**Source data**
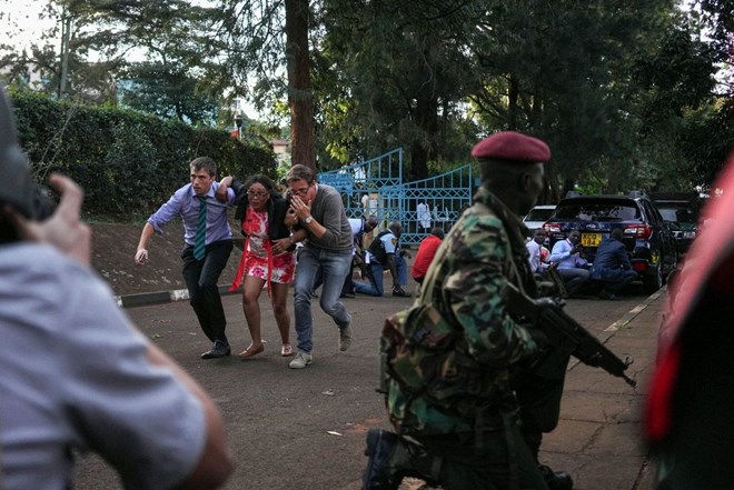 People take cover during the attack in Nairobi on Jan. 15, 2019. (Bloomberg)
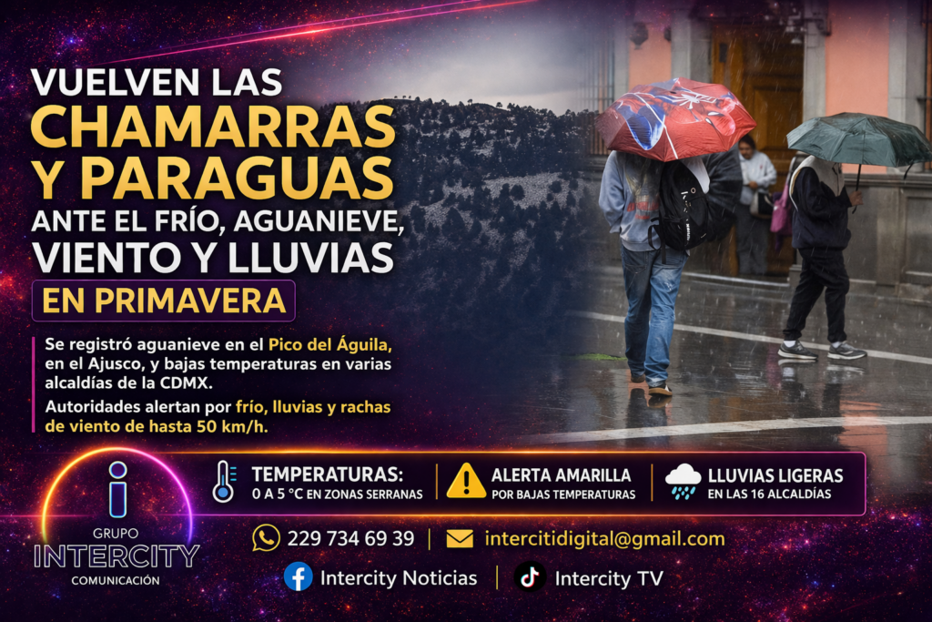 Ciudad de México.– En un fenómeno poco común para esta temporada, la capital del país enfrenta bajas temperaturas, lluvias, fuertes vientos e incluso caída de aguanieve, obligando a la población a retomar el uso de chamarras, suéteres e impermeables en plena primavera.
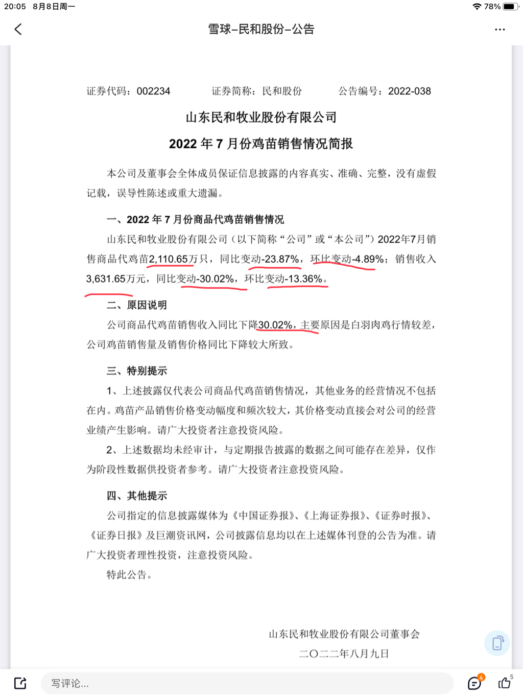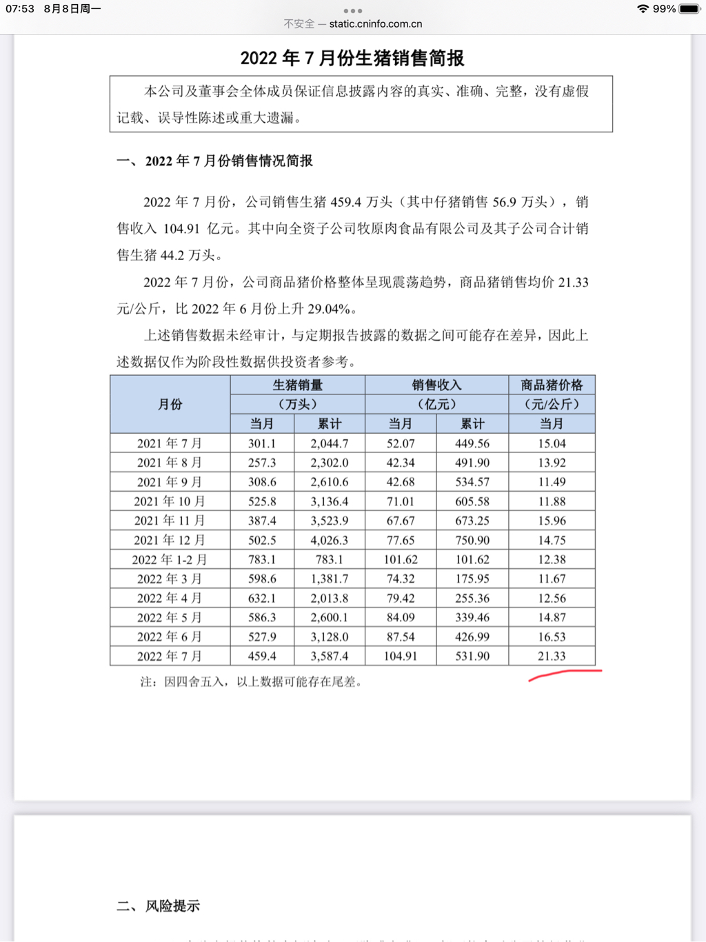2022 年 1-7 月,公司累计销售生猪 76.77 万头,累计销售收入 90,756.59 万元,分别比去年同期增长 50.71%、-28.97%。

**How to complete this task**
Restate verbatim the lines that begin at the one holding "Ciudad de México.–" and end at the last line of the material. Exclude pictures.

**Written response**
 Ciudad de México.– En un fenómeno poco común para esta temporada, la capital del país enfrenta bajas temperaturas, lluvias, fuertes vientos e incluso caída de aguanieve, obligando a la población a retomar el uso de chamarras, suéteres e impermeables en plena primavera.
2022 年 1-7 月,公司累计销售生猪 76.77 万头,累计销售收入 90,756.59 万元,分别比去年同期增长 50.71%、-28.97%。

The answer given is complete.